3. We use the *encrypt oracle* to encrypt the number 1. We then iterate through possible stepsizes until we get a correct one with which the plaintext is 0.
**Result:** $\frac{q}{t} = 0\text{x}100000$
## Exploit
Our exploits follows the vulnerability description. Since we need to find 100 numbers and each number is randomly split between 11 and 200, we should need approx. $ 100 \cdot \frac{201 - 11}{2} = 9500$ requests to the oracle.
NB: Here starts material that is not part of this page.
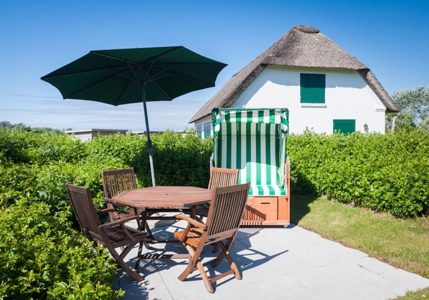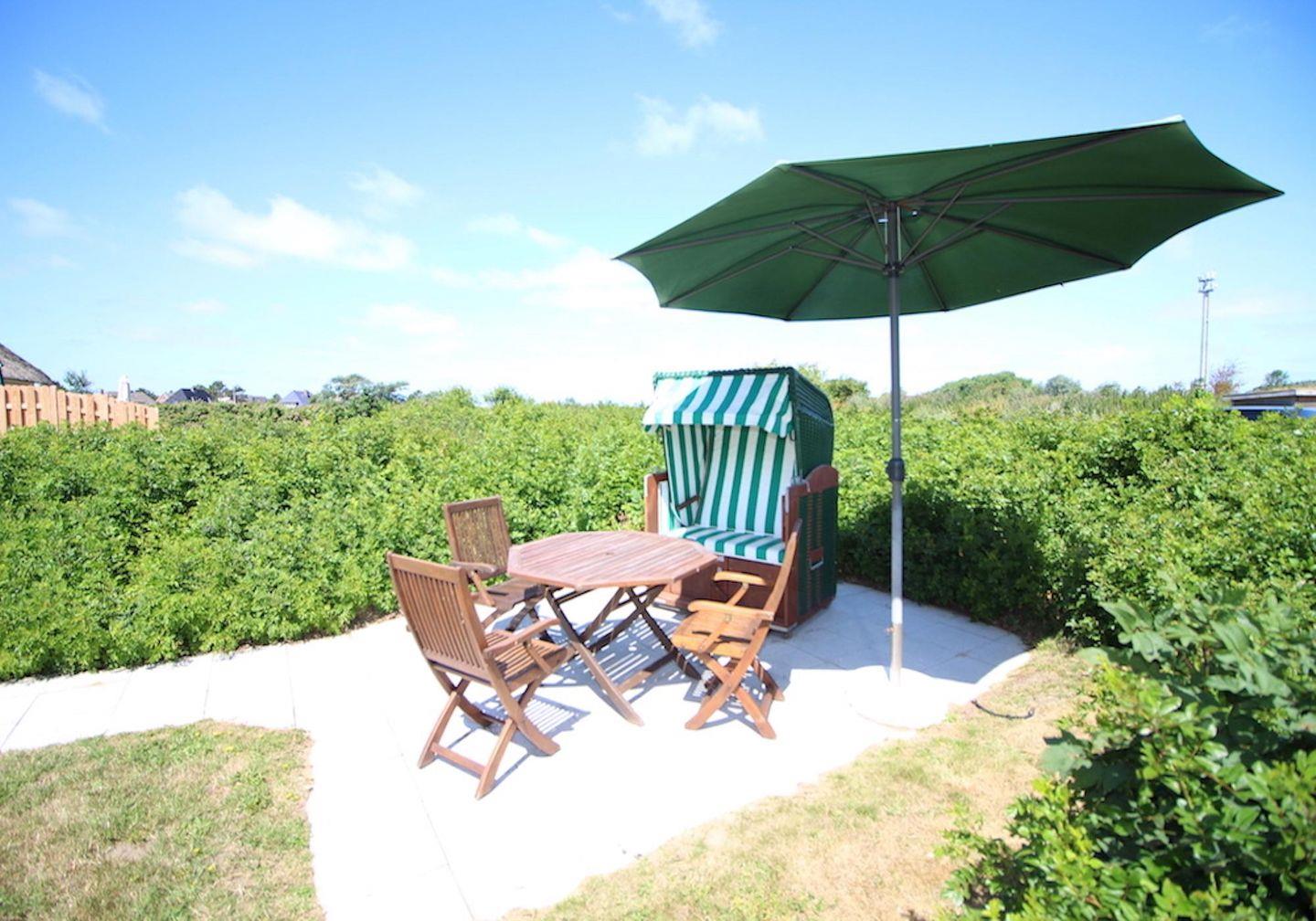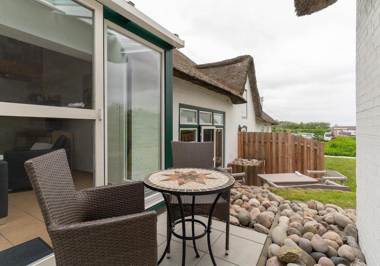 Das wunderschöne Appartement unter Reet wurde mit modernen Möbeln ausgestattet und bietet großzügigen Platz für 3 Personen. Das Grundstück mit Stellplatz wurde mit hübschen Pflanzen angelegt. Auf der Terrasse mit Gartenmöbeln, umgeben von Schafwiesen und Pferdekoppeln, kann man herrlich entspannen und die Ruhe genießen. Zusätzlich hat Ihre Wohnung noch eine weitere sonnige Terrasse im Grünem mit Standkorb und Gartenmöbeln. Das Appartement befindet sich im Erdgeschoss und erstreckt sich über 2 Etagen. Es verfügt über ca. 60 m² Wohnfläche und teilt sich wie folgt auf: Auf der ersten Etage befindet sich ein großzügiger Wohnraum mit einer offenen Küche und einem gemütlichen Essbereich. Die Küche ist voll ausgestattet. Ein separates Duschbad bietet jeden Komfort. Über eine Holztreppe gelangt man zur Schlafgalerie im Dachgeschoss. Das stilvolle Schlafzimmer verfügt über ein 1,8 x 2,0 m Bett. Eine weitere Person kann auf der Schlafcouch 1,4 x 2,0 m im Wohnzimmer entspannen. Kostenlose W-LAN Nutzung.

In practice this meant that the exploit takes around 10 minutes to run.
```python
#!/bin/env python3
from pwn import *
import json
import numpy as np
import sys
# Command line arguments to make it work on both Challenges
argv = sys.argv
if len(argv) != 3 or argv[1] not in ["LOCAL", "REMOTE"] or argv[2] not in ["1", "2"]:
print("Usage: {argv[0]} [LOCAL|REMOTE] [1|2]" )
LOCAL = argv[1].lower() == "local"
chall_nr = argv[2]
delta = 0x400
if chall_nr == "1" and not LOCAL:
delta = 0x100000
if LOCAL:
r = process(["python3", f"PrimeGuesser{chall_nr}.py"])
else:
if chall_nr == "1":
r = remote("kitctf.me", 4646)
else:
r = remote("kitctf.me", 4747)
option_oracle = b'1' if chall_nr == '1' else b'0' # They changed the option number for the oracle
option_guess = b'2' if chall_nr == '1' else b'1' # They changed the option number for the oracle
# Factorization function since we send the factors, not the real number
def get_factors(number):
"""Same function as PrimeGuesser1.py"""
factors = set()
for i in [2, 3, 5, 7, 11, 13, 15, 17, 19, 23]:
if i >= number:
break
if (number % i == 0):
factors.add(i)
other = number // i
prime_set = get_factors(other)
if len(prime_set) == 0:
factors.add(other)
else:
for num in prime_set:
factors.add(num)
return factors
factors = {i:get_factors(i) for i in range(11, 201)}
# Helper functions to interact with the challenge
def get_ct():
"""Returns the ciphtertext after a request"""
return tuple(np.array(json.loads(b"[" + r.readline() + b"]")) for _ in range(2))
def send_ct(ct):
"""Sends a ciphtertext to the session"""
r.writeline(b",".join([str(x).encode() for x in ct[0]]))
r.writeline(b",".join([str(x).encode() for x in ct[1]]))
def request_oracle(ct, number):
"""Request the decryption oracle"""
test = (ct[0] - np.array([number] + [0] * (len(ct[0]) - 1)), ct[1])
r.writeline(option_oracle) # Request oracle
send_ct(test)
[r.readline() for _ in range(3)]
return r.readline() == b'True\n'
# Final exploit
for i in range(100):
ct = get_ct()
# Request oracle until number is found
for guess in range(11, 201):
print(guess, end = "\r")
if request_oracle(ct, guess * delta):
info(f"({i+1}/100) Number = {guess} = {factors[guess]}")
break
else:
raise Exception("guess not found")
# Send the factors
r.writeline(option_guess)
r.writeline(b','.join([str(i).encode() for i in factors[guess]]))
r.readline()
r.readline()
print("Finished")
r.interactive() # Prints the flag
```
## Summary
This writeup showcases how you don't have to understand a whole encryption scheme to exploit it. We are able to modify corresponding plaintext to a ciphertext to decrement it in steps of one. With the Oracle that told us whether a ciphertext corresponst to zero, the exploitation was quite easy.